Equation of a rotated parabola knowing only 3pts the equation has to satisfy

[arpace]

I am trying to determine the tangent of the vertex and the axis of symmetry of a rotated parabola, not knowing the equation of the parabola, and only knowing 3pts the equation has to satisfy.

Can anyone help out with this? I have three points, the second is always the vertex, and pt1 and point 2 are on opposite sides of the parabola; yet, they are unequal in distance from the vertex.

for example:

pt1 is something like 1,2
pt2 , the vertex, is 2,8
pt3, is something like 9,7

I already know the math to get tangent, I just need the process to find the equations of the parabola that is rotated knowing only three points.

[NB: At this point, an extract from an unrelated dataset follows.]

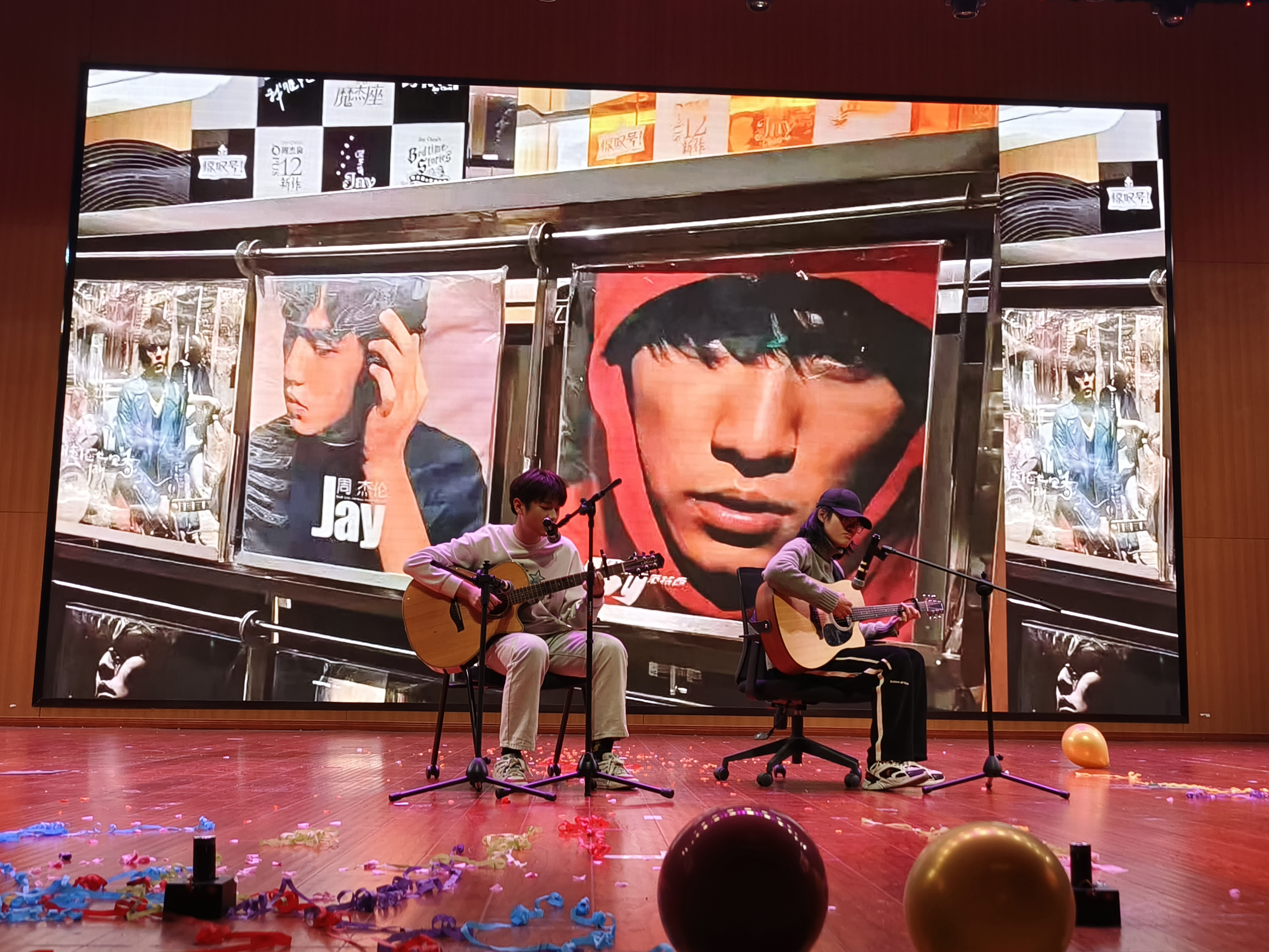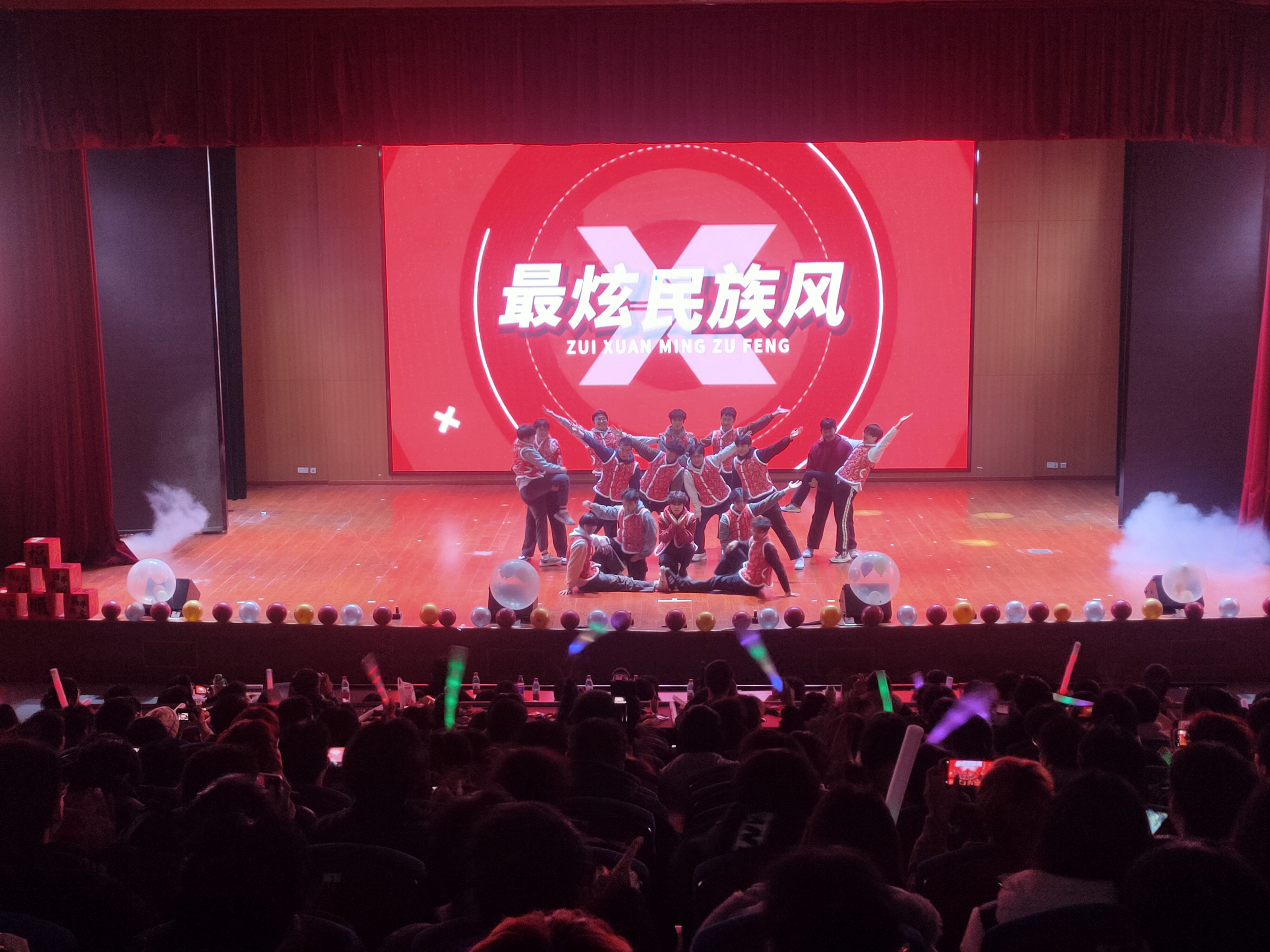 灯光聚焦,青春的热情率先在舞台上点燃。由雷宁老师和24级全体班长带来的开场舞《妙舞星河》拉开了晚会的序幕。他们灵动的舞姿与唯美的画面完美融合,瞬间点燃了现场观众的热情,将大家带入了新年的欢乐氛围之中。经典粤语歌曲《月半小夜曲》被深情演绎,让观众沉浸在其悠扬的旋律中。吉他弹唱《退后》则凭借其巧妙的旋律和节奏变化,引领观众穿梭于那充满无限可能的青春时光,赢得了阵阵掌声。李卓芳、程梦欣带来的古风爵士舞凭借创意编排和民族元素,引领观众步入一个全新的舞蹈世界。小品《绽放自己》和情景剧《白雪公主奇幻历险记》凭借幽默风趣的表演成为晚会的一大亮点,演员们精彩的演绎引得在场观众笑声不断,掌声此起彼伏,同时也传递出勇敢面对内心恐惧、突破舒适区的积极正能量。

This relates to quadratic bezier curves cause it will enable me to find the control point with some additional steps; it is just getting over this hurdle that bites.

 

[tiny-tim]

Welcome to PF!

Hi arpace ! Welcome to PF!

Hint: first, simplify it by changing coordinates so that the vertex is at (0,0).

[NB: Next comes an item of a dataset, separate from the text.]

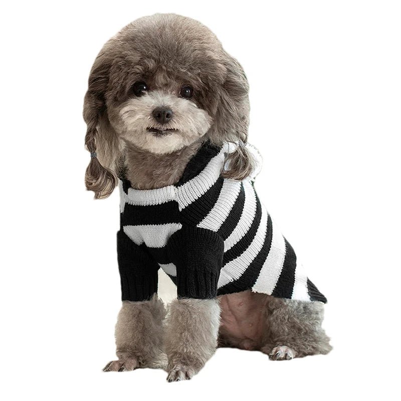 This Cozy Knitted Dog Sweater is perfect for keeping your dog warm during the chilly autumn and winter seasons. Made from high-quality, breathable fiber, this sweater provides your pup with a comfortable and snug fit, ensuring they stay cozy even in colder weather. Its classic striped pattern and fashionable design will make your dog look adorable while offering protection from the elements. Whether you’re taking them on a walk or snuggling at home, this stylish sweater is the perfect accessory for small to medium-sized dogs.The soft knitted fabric makes it ideal for all-day wear, preventing your dog from feeling restricted while moving. It’s lightweight yet provides exceptional warmth without compromising on breathability. This sweater is easy to slip on and off, making dressing up your dog hassle-free. The high-quality materials also ensure durability, so it’s a great choice for active pups who love to play outdoors.
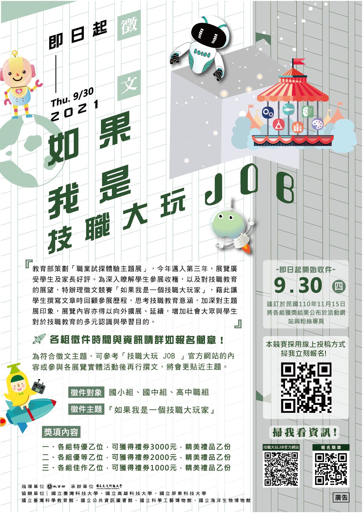 說明: 一、依據教育部110年9月6日臺教技(一)字第110120426號函辦理。 二、教育部與其所屬社教館所合作設置主題式職業試探體驗常設展,提供工業及農林漁牧等主題體驗活動,如:循線自走車、豐年蝦孵化、智能積木與編程機器人課程等體驗課程及職人主題講座等活動,供教師、家長及學生可深入了解技職教育,拓展未來職涯多元發展之可能性。 三、展場訊息刊登於旨揭網站(https://www.twmakers.com.tw),並提供線上課程、講座和體驗遊戲等內容,讓親師生能不間斷地探索與瞭解技職教育的內涵,請鼓勵並轉知師生踴躍運用。 四、為能深入瞭解學生參觀展覽或體驗課程後的收穫,舉辦「如果我是一個技職大玩家」徵文競賽,有意願參加者請於110年9月30日前投稿至Google表單者(https://reurl.cc/ZGErYW),將有機會獲得1000元至3000元不等的禮券及精美禮品1份。競賽報名詳情,請參閱「技職大玩JOB」網站或「技職動起來」臉書粉絲頁。 五、檢附徵文活動海報,如附件。 |

Then you know the equation for a parabola with vertex (0,0) must be ax + by = … ?

 

[HallsofIvy]

In general, you can't. Given any 3 points, there exist a unique parabola with vertical axis of symmetry passing through those 3 points. There exist an infinite number of parabolas with other axes passing through those same three points.

 

[kts123]

^ I think the TC may have implicitly implied that the focus and directrix are positioned at
(0,p) and (0,-p) respectively, and then rotated from there.

 

[arpace]

I know that I would have to rotate it back to 0 degrees; yet, in order to do that don't you need to know either the tangent or the axis of symmetry to find the degree it needs to be rotated by?

The second point is always the vertex; yet, the points 1 and 3 are not an equal distance from the vertex; thus, this is where my hard time starts.

If it is not possible, then is there another way to determine the control point for a quadratic bezier curve, knowing the same information?

 

[kts123]

Try brute algebra force? That's my only suggestion.

Observe that for a parabola symetric between the Y axis (I forget what that's called) for every point, (x,y,) there is a corrisponding point, (-x,y), such as that (x,y) and (-x,y) are equal in distance to the y-axis (the point x=0.) When rotated, each point must still contain this symetry. You could probably use this fact in tandem with some serious trig to figure it out (I'd see what I could do, but I'm at work, I can't be jotting down equations willy-nilly. =p)

 

[mr articulate]

How do i calculate the equation of a parabola with a horizontal directrix given three random points along the line. I tried to translate the graph around the origin but that still didnt work. The points are (1/2,6), (3/2,16), (-3/2,-2).

 

[HallsofIvy]

How do i calculate the equation of a parabola with a horizontal directrix given three random points along the line. I tried to translate the graph around the origin but that still didnt work. The points are (1/2,6), (3/2,16), (-3/2,-2).

A parabola with horizontal directrix has vertical axis of symmetry and so is of the form y= ax²+ bx+ c. Put the x and y values of the three points into that equation and solve for a, b, and c.